[Items from a dataset]
*** Block opens ***
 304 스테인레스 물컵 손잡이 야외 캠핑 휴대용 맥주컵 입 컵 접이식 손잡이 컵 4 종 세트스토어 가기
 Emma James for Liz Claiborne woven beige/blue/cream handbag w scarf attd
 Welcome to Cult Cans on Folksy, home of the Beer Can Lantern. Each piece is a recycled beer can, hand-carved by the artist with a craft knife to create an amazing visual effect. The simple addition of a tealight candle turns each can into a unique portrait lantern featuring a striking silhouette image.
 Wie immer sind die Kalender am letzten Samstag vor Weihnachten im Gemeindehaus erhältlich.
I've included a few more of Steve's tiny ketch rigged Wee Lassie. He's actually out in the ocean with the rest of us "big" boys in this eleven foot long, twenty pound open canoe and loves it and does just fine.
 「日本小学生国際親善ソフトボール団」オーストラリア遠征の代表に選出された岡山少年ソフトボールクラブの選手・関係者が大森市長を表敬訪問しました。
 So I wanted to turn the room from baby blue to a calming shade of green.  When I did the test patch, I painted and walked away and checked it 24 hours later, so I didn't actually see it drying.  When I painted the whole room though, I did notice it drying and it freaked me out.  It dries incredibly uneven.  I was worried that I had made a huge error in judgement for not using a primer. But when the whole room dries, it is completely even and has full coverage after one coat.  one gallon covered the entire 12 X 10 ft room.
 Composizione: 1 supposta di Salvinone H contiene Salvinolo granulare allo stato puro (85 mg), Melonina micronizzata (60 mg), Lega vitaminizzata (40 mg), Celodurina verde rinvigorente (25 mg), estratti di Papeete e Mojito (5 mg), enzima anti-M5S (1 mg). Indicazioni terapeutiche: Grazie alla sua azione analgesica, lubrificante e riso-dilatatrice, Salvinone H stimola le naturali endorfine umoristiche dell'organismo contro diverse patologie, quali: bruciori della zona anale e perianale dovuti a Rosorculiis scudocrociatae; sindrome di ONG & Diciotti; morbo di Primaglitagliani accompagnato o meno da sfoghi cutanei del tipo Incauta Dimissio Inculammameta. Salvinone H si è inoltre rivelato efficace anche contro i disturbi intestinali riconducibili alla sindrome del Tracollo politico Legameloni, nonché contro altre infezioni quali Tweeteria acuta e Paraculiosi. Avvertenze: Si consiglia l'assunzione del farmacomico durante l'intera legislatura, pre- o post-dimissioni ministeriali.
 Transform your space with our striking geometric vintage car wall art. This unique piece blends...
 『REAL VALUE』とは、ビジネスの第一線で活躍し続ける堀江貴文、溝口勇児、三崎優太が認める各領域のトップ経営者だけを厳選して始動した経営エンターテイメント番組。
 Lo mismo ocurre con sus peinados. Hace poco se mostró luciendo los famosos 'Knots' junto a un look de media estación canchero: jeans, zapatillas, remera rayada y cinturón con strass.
*** Block closes ***
• **Task to carry out**
Nothing in the data may differ; print all of it exactly as written.

• **Completed task**
 304 스테인레스 물컵 손잡이 야외 캠핑 휴대용 맥주컵 입 컵 접이식 손잡이 컵 4 종 세트스토어 가기
 Emma James for Liz Claiborne woven beige/blue/cream handbag w scarf attd
 Welcome to Cult Cans on Folksy, home of the Beer Can Lantern. Each piece is a recycled beer can, hand-carved by the artist with a craft knife to create an amazing visual effect. The simple addition of a tealight candle turns each can into a unique portrait lantern featuring a striking silhouette image.
 Wie immer sind die Kalender am letzten Samstag vor Weihnachten im Gemeindehaus erhältlich.
I've included a few more of Steve's tiny ketch rigged Wee Lassie. He's actually out in the ocean with the rest of us "big" boys in this eleven foot long, twenty pound open canoe and loves it and does just fine.
 「日本小学生国際親善ソフトボール団」オーストラリア遠征の代表に選出された岡山少年ソフトボールクラブの選手・関係者が大森市長を表敬訪問しました。
 So I wanted to turn the room from baby blue to a calming shade of green.  When I did the test patch, I painted and walked away and checked it 24 hours later, so I didn't actually see it drying.  When I painted the whole room though, I did notice it drying and it freaked me out.  It dries incredibly uneven.  I was worried that I had made a huge error in judgement for not using a primer. But when the whole room dries, it is completely even and has full coverage after one coat.  one gallon covered the entire 12 X 10 ft room.
 Composizione: 1 supposta di Salvinone H contiene Salvinolo granulare allo stato puro (85 mg), Melonina micronizzata (60 mg), Lega vitaminizzata (40 mg), Celodurina verde rinvigorente (25 mg), estratti di Papeete e Mojito (5 mg), enzima anti-M5S (1 mg). Indicazioni terapeutiche: Grazie alla sua azione analgesica, lubrificante e riso-dilatatrice, Salvinone H stimola le naturali endorfine umoristiche dell'organismo contro diverse patologie, quali: bruciori della zona anale e perianale dovuti a Rosorculiis scudocrociatae; sindrome di ONG & Diciotti; morbo di Primaglitagliani accompagnato o meno da sfoghi cutanei del tipo Incauta Dimissio Inculammameta. Salvinone H si è inoltre rivelato efficace anche contro i disturbi intestinali riconducibili alla sindrome del Tracollo politico Legameloni, nonché contro altre infezioni quali Tweeteria acuta e Paraculiosi. Avvertenze: Si consiglia l'assunzione del farmacomico durante l'intera legislatura, pre- o post-dimissioni ministeriali.
 Transform your space with our striking geometric vintage car wall art. This unique piece blends...
 『REAL VALUE』とは、ビジネスの第一線で活躍し続ける堀江貴文、溝口勇児、三崎優太が認める各領域のトップ経営者だけを厳選して始動した経営エンターテイメント番組。
 Lo mismo ocurre con sus peinados. Hace poco se mostró luciendo los famosos 'Knots' junto a un look de media estación canchero: jeans, zapatillas, remera rayada y cinturón con strass.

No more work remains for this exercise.